▶ Brief
Print the records below exactly, from the line containing "Original British 30" down to the line containing "Площадь: 61.9/27.2/23.1 м²", both lines included, and omit every picture.

Exercise inputs Block Start

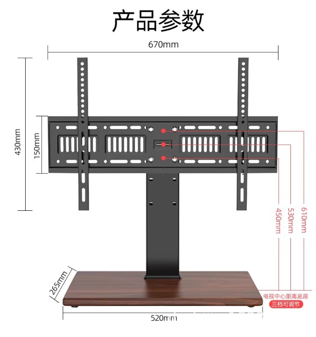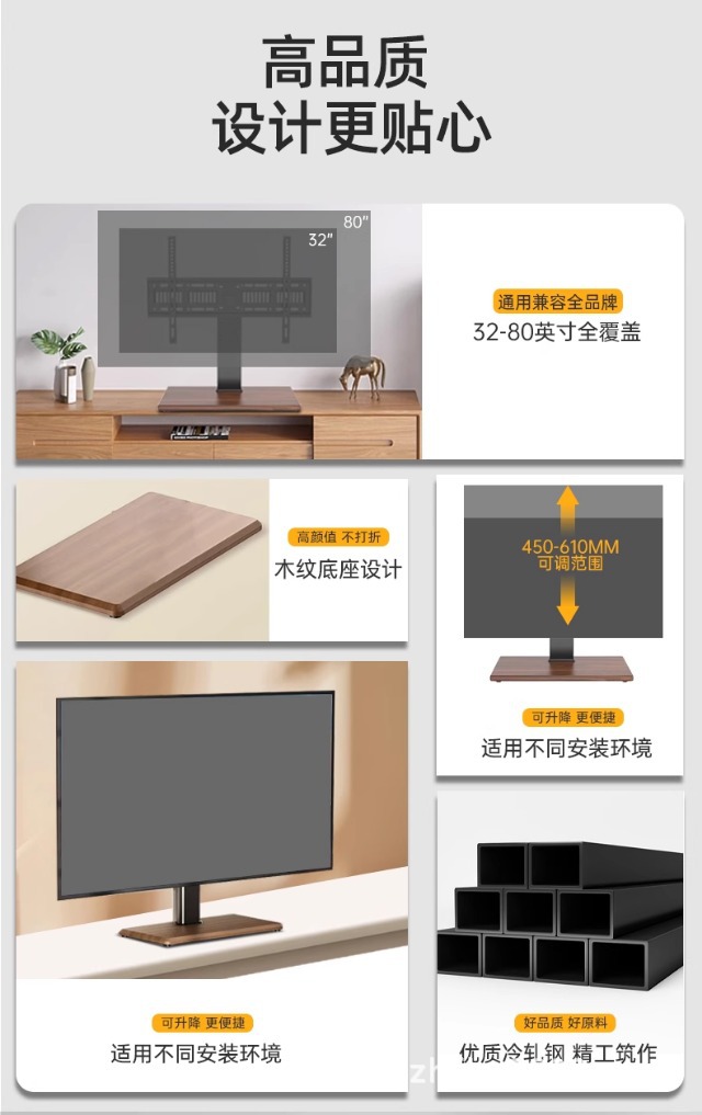 テレビの台の穴を開けないでデスクトップを高くして、スタンドのデスクトップのスタンドの高さを調整します。通用32-75インチです。
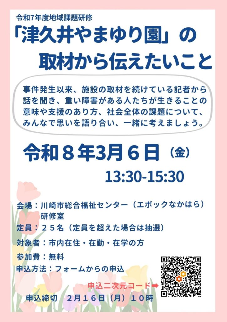 「津久井やまゆり園」の取材から伝えたいことを開催します。
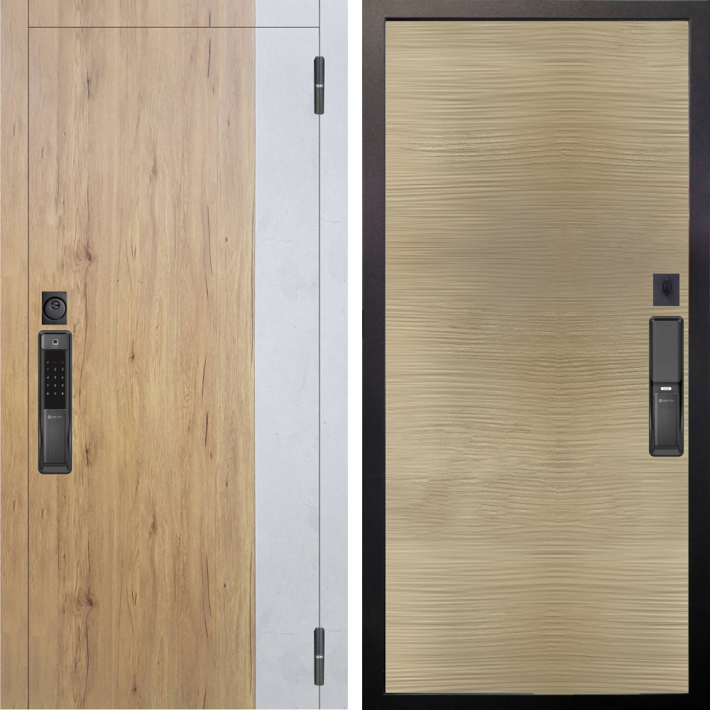 Входная дверь Аргус SMART Эксперт Рустик соломенный вставка бетон урбан милк + Элегант Дорс светлый горизонт
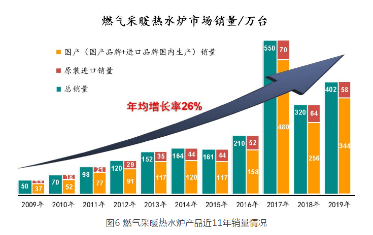 根據(jù)統(tǒng)計數(shù)據(jù),自 2009 年以來燃?xì)獠膳療崴疇t產(chǎn)品銷量急劇上升,中國國內(nèi)市場 2009 年銷量為 50 萬臺(原裝進(jìn)口 13 萬臺),截至 2019 年底,國內(nèi)市場銷量達(dá)到了 402 萬臺(原裝進(jìn)口 58 萬臺),年均增長率達(dá) 26% ,遠(yuǎn)遠(yuǎn)超出中國經(jīng)濟(jì)發(fā)展的平均速度。
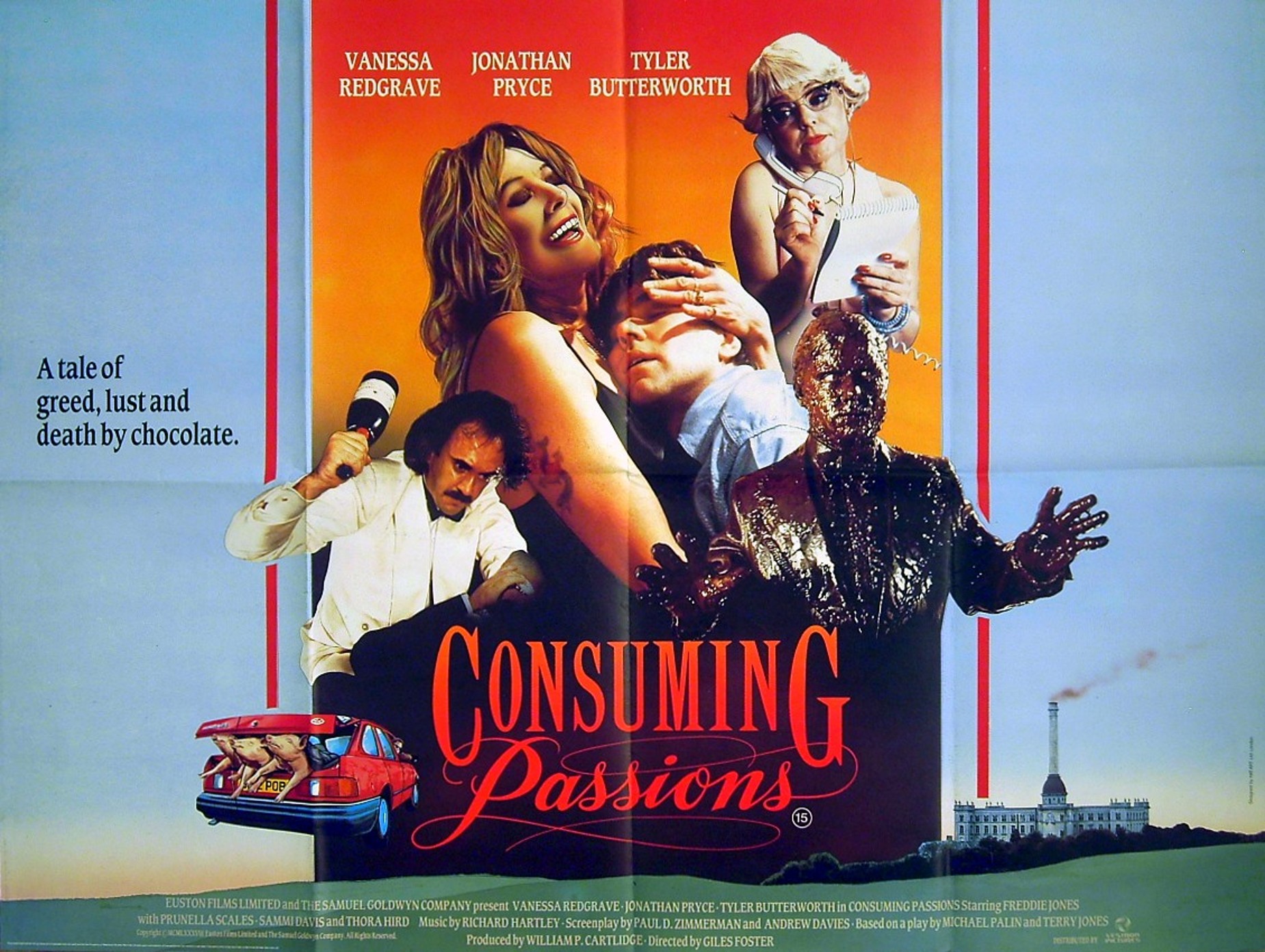 Original British 30 inch x 40 inch Quad Poster for the 1988 Giles Foster Comedy CONSUMING PASSIONS, based on the play by Michael Palin & Terry Jones and starring Jonathan Pryce, Freddie Jones, Vanessa Redgrave, Prunella Scales and Thora Hird.
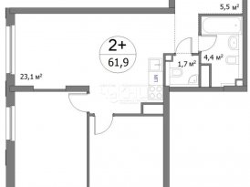 Площадь: 61.9/27.2/23.1 м²
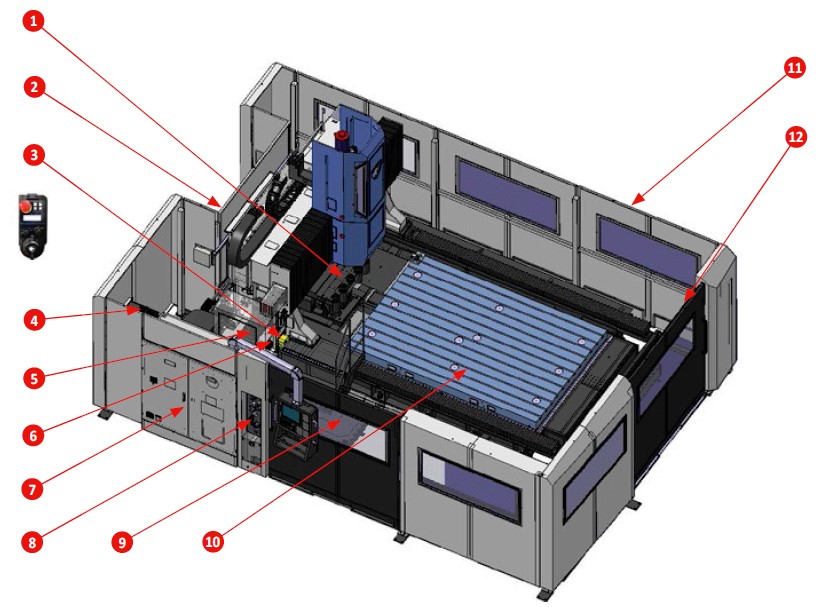 1. Магазин на 5 інструментів. 2. Дверцята магазину. 3. Ручний пульт керування (MPG) з LCD-дисплеєм. 4. Масляний охолоджувач і трансформатор. 5. Гідравлічний блок і мастильний насос. 6. Педаль керування. 7. Головна електрична шафа. 8. Повітряний пристрій. 9. Дверцята оператора. 10. Стіл (2000.3000 мм). 11. Захисна огорожа (опція). 12. Передні двері та сходинка.
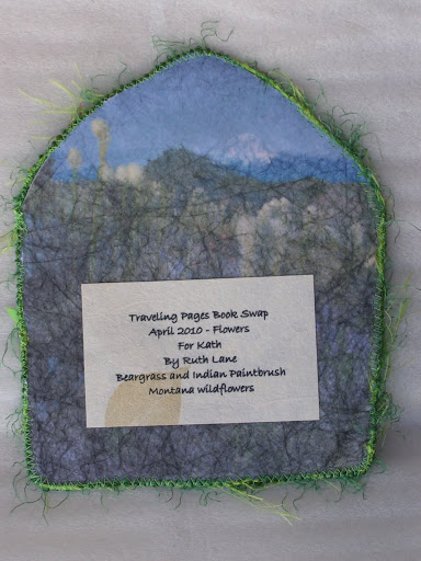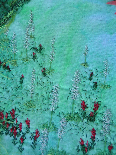 Kath got her flowers page for April so I can show it to you now. It’s based on beargrass and indian paintbrush wildflowers. Mainly all hand stitching because I couldn’t use the machine much last month. The big flower is made from Lutradur that I painted. A friend, Jan, gave me a big piece so that I could play with it. Thanks, Jan!

Exercise inputs Block End

▶ Result of this exercise
 Original British 30 inch x 40 inch Quad Poster for the 1988 Giles Foster Comedy CONSUMING PASSIONS, based on the play by Michael Palin & Terry Jones and starring Jonathan Pryce, Freddie Jones, Vanessa Redgrave, Prunella Scales and Thora Hird.
 Площадь: 61.9/27.2/23.1 м²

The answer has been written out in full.